> _Dataset section_:

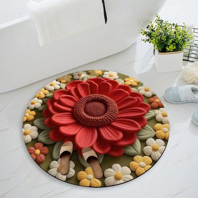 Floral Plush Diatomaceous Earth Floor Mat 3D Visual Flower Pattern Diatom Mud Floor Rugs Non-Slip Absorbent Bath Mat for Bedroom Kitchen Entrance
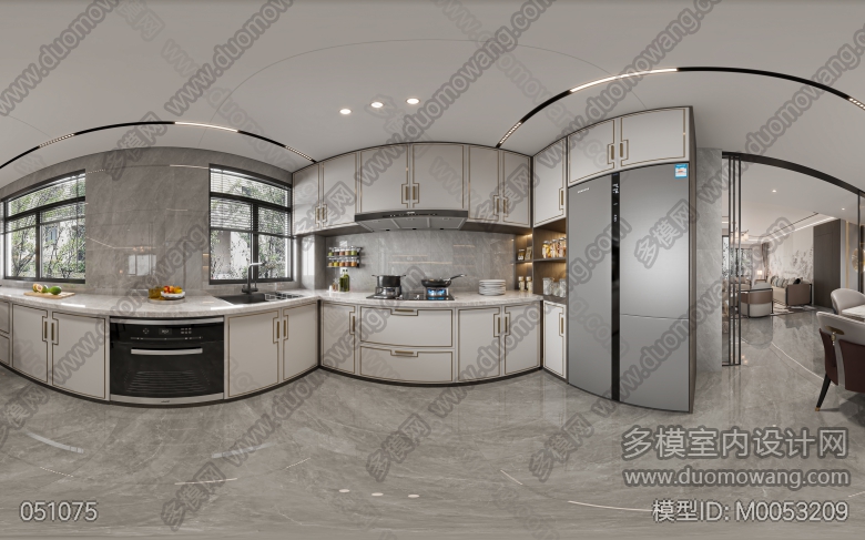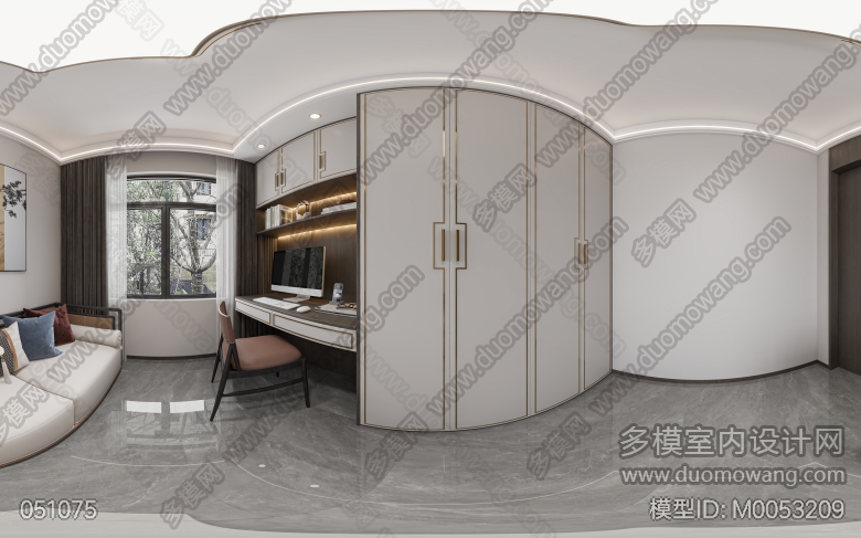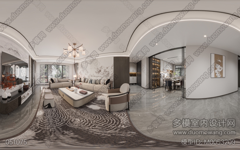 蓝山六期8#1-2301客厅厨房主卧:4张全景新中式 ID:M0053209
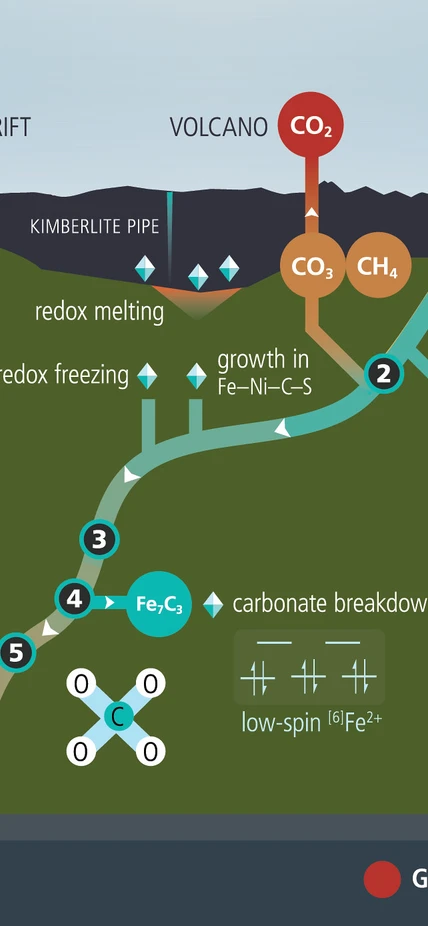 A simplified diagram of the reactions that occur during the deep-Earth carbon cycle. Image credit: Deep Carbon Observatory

> _Work required_: Except for the pictures, give the data again word for word.

> _Result for this exercise_:
 Floral Plush Diatomaceous Earth Floor Mat 3D Visual Flower Pattern Diatom Mud Floor Rugs Non-Slip Absorbent Bath Mat for Bedroom Kitchen Entrance
 蓝山六期8#1-2301客厅厨房主卧:4张全景新中式 ID:M0053209
 A simplified diagram of the reactions that occur during the deep-Earth carbon cycle. Image credit: Deep Carbon Observatory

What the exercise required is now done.